If you’re single, have a stable source of income and don’t have any dependents, Ramsey suggests starting with a smaller savings goal. For example, you could save up three months’ worth of living expenses. The same goes for married couples with steady income and no dependents.

Alternatively, Ramsey suggests having six months of expenses if you’re:

  • Married and have only one income source between you

  • A single parent

  • Self-employed or have irregular income

Ramsey also suggests keeping your emergency fund easily accessible in a liquid (cash) form. This could be in a savings account, an online bank or even a money market account (assuming it comes with a debit card).

Avoid Comparing Finances

Another tip is to stop comparing finances.

The issue with comparing your financial situation to someone else’s is that it can lead to a sense of mediocrity, even if that’s not necessarily the case. It can also cause people to spend more money than they should trying to impress others.

Focus on the Future

Having a personal budget and a full emergency fund are both key to building financial security and avoiding mediocrity. But part of the journey also involves focusing on your financial future.

On his website, Ramsey recommends saving around 15% of every paycheck. The median household income is around $70,000. If you earn around this much, you should be investing $10,500 a year, or $875 a month. Over the span of 30 years, assuming an average rate of return of 11%, you could have around $2.3 million.

Furthermore, Ramsey highly recommends putting that money in a tax-advantaged account, such as a 401(k) with employer-matching contributions. However, if that’s not a possibility, then a traditional IRA or a Roth IRA could be a good alternative.

Be Prepared at the Grocery Store

Grocery shopping is essential, but it’s also the source of many impulse buys — something Ramsey refers to as “budget busters.” To combat these unnecessary purchases, Ramsey recommends creating a meal plan and a dedicated shopping list and following it whenever you shop.

Ramsey also offers a step-by-step guide to meal planning. This includes setting aside time to check your pantry and fridge for things you already have and using those. It also includes adjusting your budget as needed.

Use Technology To Manage Your Finances

There are many ways you can save money and avoid financial mediocrity. One of Ramsey’s tips is to take advantage of the various budgeting software programs and apps. This includes coupon apps, cash-back apps and other savings tools.

While not meant for budgeting, per se, Ramsey also suggests using smart devices at home to cut back on the electricity bill. These devices might cost more up front, but they can pay for themselves over time.

Consider Working With a Professional

According to Ramsey, one of the best ways to avoid financial mediocrity is to keep an eye on your finances and to work with a professional or two. After all, finances can become quite complex, especially if you’re trying to track multiple accounts or sources of income.
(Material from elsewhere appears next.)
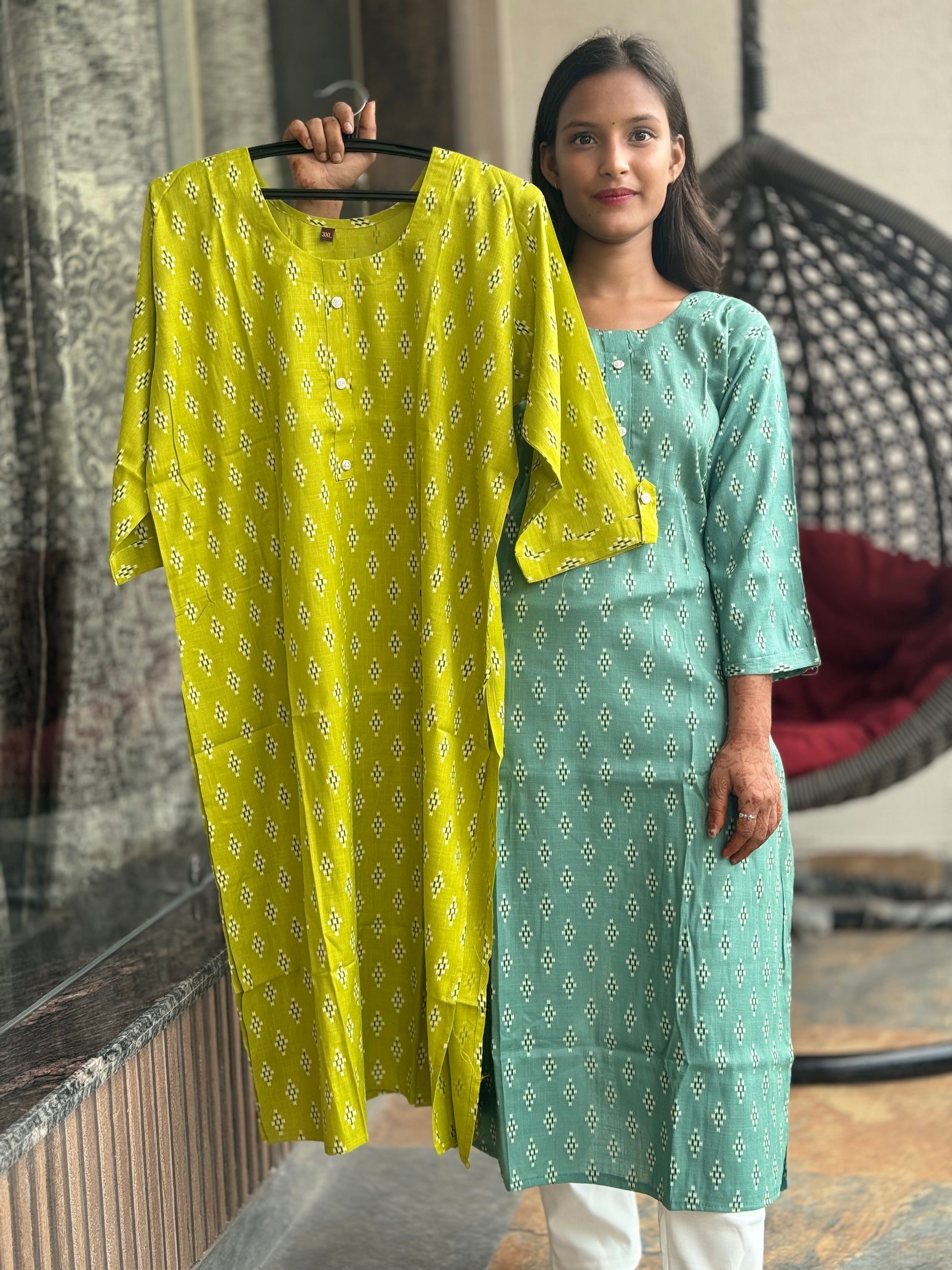 Get ready for the office with our comfortable and stylish Office Wear Cotton Kurti! Made with pure cotton fabric, this kurta features a length of 44 inches and comes in sizes XL to XXXL, ensuring a perfect fit for everyone. Look professional and feel comfortable all day long.

But when you work with an expert, such as a financial advisor or planner, you can use them to fill in the gaps, help you make better financial decisions and guide you along the way to wealth. Ramsey offers suggestions on how to find a financial planner that works for you. This includes looking over what your financial needs are, becoming familiar with the different types of financial advisors that are out there, and comparing costs and services.